▸ Supplied data
+---+

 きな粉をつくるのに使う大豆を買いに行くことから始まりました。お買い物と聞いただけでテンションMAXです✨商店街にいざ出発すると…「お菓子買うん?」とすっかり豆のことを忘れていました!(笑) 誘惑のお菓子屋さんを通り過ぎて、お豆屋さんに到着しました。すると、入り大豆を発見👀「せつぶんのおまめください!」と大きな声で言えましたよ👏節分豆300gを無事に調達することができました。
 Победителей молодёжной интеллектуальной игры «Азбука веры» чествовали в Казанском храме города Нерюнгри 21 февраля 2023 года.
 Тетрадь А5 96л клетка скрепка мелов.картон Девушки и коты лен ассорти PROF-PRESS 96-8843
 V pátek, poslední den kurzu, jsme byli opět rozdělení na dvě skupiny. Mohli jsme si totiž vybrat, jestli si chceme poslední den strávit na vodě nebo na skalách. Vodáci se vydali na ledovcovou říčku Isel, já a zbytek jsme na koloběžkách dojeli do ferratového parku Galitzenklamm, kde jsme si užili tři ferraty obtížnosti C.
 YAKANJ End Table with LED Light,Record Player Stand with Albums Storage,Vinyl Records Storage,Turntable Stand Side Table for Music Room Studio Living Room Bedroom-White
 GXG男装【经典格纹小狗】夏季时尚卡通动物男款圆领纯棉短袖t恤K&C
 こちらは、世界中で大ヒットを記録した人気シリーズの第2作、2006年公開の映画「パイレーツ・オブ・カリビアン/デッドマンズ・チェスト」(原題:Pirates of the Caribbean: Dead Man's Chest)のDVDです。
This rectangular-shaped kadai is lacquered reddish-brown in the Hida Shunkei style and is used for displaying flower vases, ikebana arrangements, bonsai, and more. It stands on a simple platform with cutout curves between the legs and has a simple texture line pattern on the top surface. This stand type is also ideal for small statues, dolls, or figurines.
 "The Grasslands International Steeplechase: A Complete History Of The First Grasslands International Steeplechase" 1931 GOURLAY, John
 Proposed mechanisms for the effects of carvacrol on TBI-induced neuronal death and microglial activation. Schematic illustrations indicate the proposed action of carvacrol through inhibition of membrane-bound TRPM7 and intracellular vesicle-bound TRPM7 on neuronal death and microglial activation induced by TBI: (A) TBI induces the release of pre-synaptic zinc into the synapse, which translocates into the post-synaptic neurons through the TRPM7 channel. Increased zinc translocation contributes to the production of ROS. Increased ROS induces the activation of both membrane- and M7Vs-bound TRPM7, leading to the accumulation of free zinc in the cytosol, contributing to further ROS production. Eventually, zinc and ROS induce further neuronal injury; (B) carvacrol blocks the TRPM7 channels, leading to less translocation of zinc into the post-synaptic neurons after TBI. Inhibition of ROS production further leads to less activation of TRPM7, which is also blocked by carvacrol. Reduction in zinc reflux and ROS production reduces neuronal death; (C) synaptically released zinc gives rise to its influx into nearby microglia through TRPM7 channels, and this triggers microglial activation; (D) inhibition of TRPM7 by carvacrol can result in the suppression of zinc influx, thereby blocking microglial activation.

+---+

▸ Task statement
Print each line of the data exactly. Keep all of it.

▸ Answer area
 きな粉をつくるのに使う大豆を買いに行くことから始まりました。お買い物と聞いただけでテンションMAXです✨商店街にいざ出発すると…「お菓子買うん?」とすっかり豆のことを忘れていました!(笑) 誘惑のお菓子屋さんを通り過ぎて、お豆屋さんに到着しました。すると、入り大豆を発見👀「せつぶんのおまめください!」と大きな声で言えましたよ👏節分豆300gを無事に調達することができました。
 Победителей молодёжной интеллектуальной игры «Азбука веры» чествовали в Казанском храме города Нерюнгри 21 февраля 2023 года.
 Тетрадь А5 96л клетка скрепка мелов.картон Девушки и коты лен ассорти PROF-PRESS 96-8843
 V pátek, poslední den kurzu, jsme byli opět rozdělení na dvě skupiny. Mohli jsme si totiž vybrat, jestli si chceme poslední den strávit na vodě nebo na skalách. Vodáci se vydali na ledovcovou říčku Isel, já a zbytek jsme na koloběžkách dojeli do ferratového parku Galitzenklamm, kde jsme si užili tři ferraty obtížnosti C.
 YAKANJ End Table with LED Light,Record Player Stand with Albums Storage,Vinyl Records Storage,Turntable Stand Side Table for Music Room Studio Living Room Bedroom-White
 GXG男装【经典格纹小狗】夏季时尚卡通动物男款圆领纯棉短袖t恤K&C
 こちらは、世界中で大ヒットを記録した人気シリーズの第2作、2006年公開の映画「パイレーツ・オブ・カリビアン/デッドマンズ・チェスト」(原題:Pirates of the Caribbean: Dead Man's Chest)のDVDです。
This rectangular-shaped kadai is lacquered reddish-brown in the Hida Shunkei style and is used for displaying flower vases, ikebana arrangements, bonsai, and more. It stands on a simple platform with cutout curves between the legs and has a simple texture line pattern on the top surface. This stand type is also ideal for small statues, dolls, or figurines.
 "The Grasslands International Steeplechase: A Complete History Of The First Grasslands International Steeplechase" 1931 GOURLAY, John
 Proposed mechanisms for the effects of carvacrol on TBI-induced neuronal death and microglial activation. Schematic illustrations indicate the proposed action of carvacrol through inhibition of membrane-bound TRPM7 and intracellular vesicle-bound TRPM7 on neuronal death and microglial activation induced by TBI: (A) TBI induces the release of pre-synaptic zinc into the synapse, which translocates into the post-synaptic neurons through the TRPM7 channel. Increased zinc translocation contributes to the production of ROS. Increased ROS induces the activation of both membrane- and M7Vs-bound TRPM7, leading to the accumulation of free zinc in the cytosol, contributing to further ROS production. Eventually, zinc and ROS induce further neuronal injury; (B) carvacrol blocks the TRPM7 channels, leading to less translocation of zinc into the post-synaptic neurons after TBI. Inhibition of ROS production further leads to less activation of TRPM7, which is also blocked by carvacrol. Reduction in zinc reflux and ROS production reduces neuronal death; (C) synaptically released zinc gives rise to its influx into nearby microglia through TRPM7 channels, and this triggers microglial activation; (D) inhibition of TRPM7 by carvacrol can result in the suppression of zinc influx, thereby blocking microglial activation.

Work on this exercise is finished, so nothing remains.